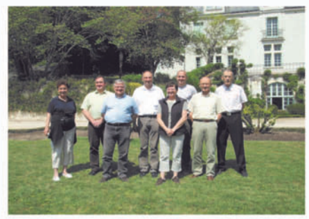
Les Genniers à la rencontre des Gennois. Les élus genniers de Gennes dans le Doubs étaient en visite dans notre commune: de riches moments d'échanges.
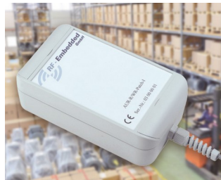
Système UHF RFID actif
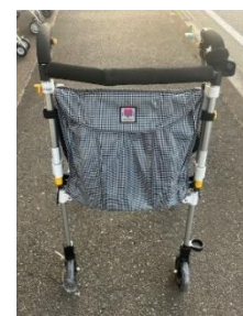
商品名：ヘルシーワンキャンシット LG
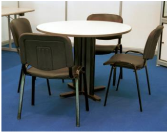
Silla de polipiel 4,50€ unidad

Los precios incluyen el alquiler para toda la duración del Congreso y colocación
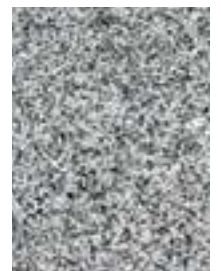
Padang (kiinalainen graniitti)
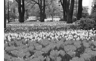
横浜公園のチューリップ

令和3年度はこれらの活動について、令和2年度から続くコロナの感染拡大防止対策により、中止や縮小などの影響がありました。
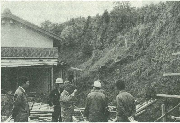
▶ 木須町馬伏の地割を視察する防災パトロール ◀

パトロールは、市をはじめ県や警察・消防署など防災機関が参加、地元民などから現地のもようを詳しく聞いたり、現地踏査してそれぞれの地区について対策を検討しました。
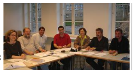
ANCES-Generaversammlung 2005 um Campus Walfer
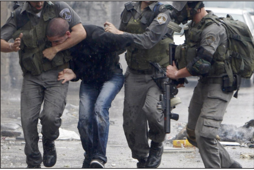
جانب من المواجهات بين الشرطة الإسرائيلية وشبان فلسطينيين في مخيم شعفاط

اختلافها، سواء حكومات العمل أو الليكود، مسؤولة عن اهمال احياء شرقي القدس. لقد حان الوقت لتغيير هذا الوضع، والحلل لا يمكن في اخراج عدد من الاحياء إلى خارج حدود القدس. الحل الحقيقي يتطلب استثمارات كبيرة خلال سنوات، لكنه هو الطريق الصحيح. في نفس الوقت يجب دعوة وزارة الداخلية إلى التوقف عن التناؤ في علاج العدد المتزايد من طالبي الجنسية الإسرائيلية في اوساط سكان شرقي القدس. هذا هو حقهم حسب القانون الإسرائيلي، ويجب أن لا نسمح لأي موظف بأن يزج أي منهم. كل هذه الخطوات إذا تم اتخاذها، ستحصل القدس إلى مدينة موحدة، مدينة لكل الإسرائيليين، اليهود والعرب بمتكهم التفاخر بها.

____________________

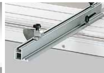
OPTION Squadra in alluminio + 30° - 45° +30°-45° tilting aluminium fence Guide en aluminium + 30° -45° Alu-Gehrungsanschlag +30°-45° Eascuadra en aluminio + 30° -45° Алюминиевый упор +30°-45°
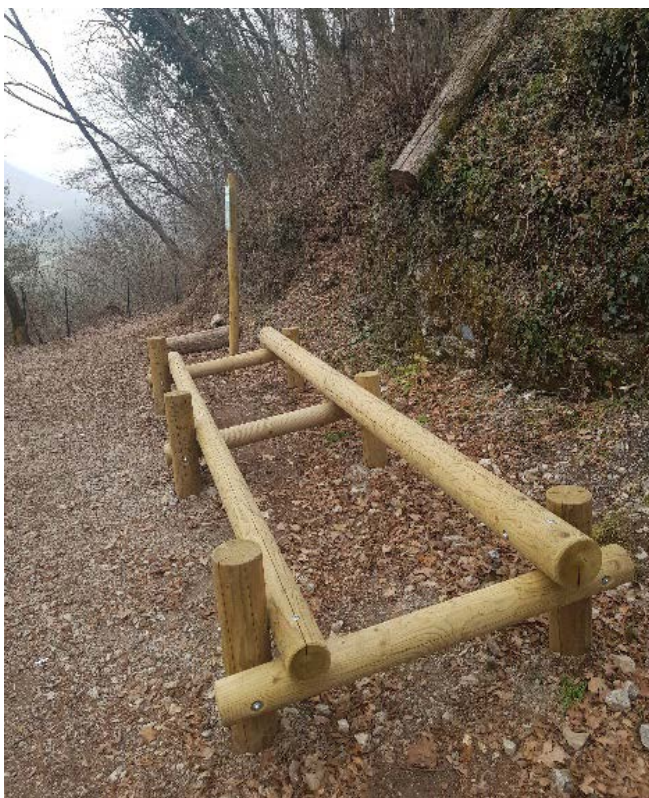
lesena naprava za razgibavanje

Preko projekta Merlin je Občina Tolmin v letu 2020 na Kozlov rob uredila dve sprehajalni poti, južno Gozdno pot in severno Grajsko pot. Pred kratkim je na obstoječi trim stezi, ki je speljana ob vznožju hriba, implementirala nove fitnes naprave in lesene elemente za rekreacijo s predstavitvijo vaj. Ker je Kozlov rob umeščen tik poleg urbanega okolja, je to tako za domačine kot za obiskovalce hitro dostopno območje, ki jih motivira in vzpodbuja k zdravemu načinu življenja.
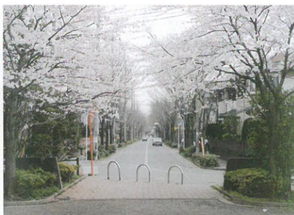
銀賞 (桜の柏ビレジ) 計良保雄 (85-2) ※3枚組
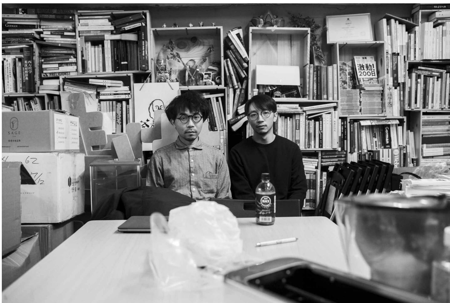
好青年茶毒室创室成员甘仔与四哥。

____________________

For the material above, give again only the lines starting at the line that contains "横浜公園のチューリップ" and ending at the line that contains "اختلافها، سواء حكومات". Pictures do not belong in the copy.

横浜公園のチューリップ

令和3年度はこれらの活動について、令和2年度から続くコロナの感染拡大防止対策により、中止や縮小などの影響がありました。
▶ 木須町馬伏の地割を視察する防災パトロール ◀

パトロールは、市をはじめ県や警察・消防署など防災機関が参加、地元民などから現地のもようを詳しく聞いたり、現地踏査してそれぞれの地区について対策を検討しました。
ANCES-Generaversammlung 2005 um Campus Walfer
جانب من المواجهات بين الشرطة الإسرائيلية وشبان فلسطينيين في مخيم شعفاط

اختلافها، سواء حكومات العمل أو الليكود، مسؤولة عن اهمال احياء شرقي القدس. لقد حان الوقت لتغيير هذا الوضع، والحلل لا يمكن في اخراج عدد من الاحياء إلى خارج حدود القدس. الحل الحقيقي يتطلب استثمارات كبيرة خلال سنوات، لكنه هو الطريق الصحيح. في نفس الوقت يجب دعوة وزارة الداخلية إلى التوقف عن التناؤ في علاج العدد المتزايد من طالبي الجنسية الإسرائيلية في اوساط سكان شرقي القدس. هذا هو حقهم حسب القانون الإسرائيلي، ويجب أن لا نسمح لأي موظف بأن يزج أي منهم. كل هذه الخطوات إذا تم اتخاذها، ستحصل القدس إلى مدينة موحدة، مدينة لكل الإسرائيليين، اليهود والعرب بمتكهم التفاخر بها.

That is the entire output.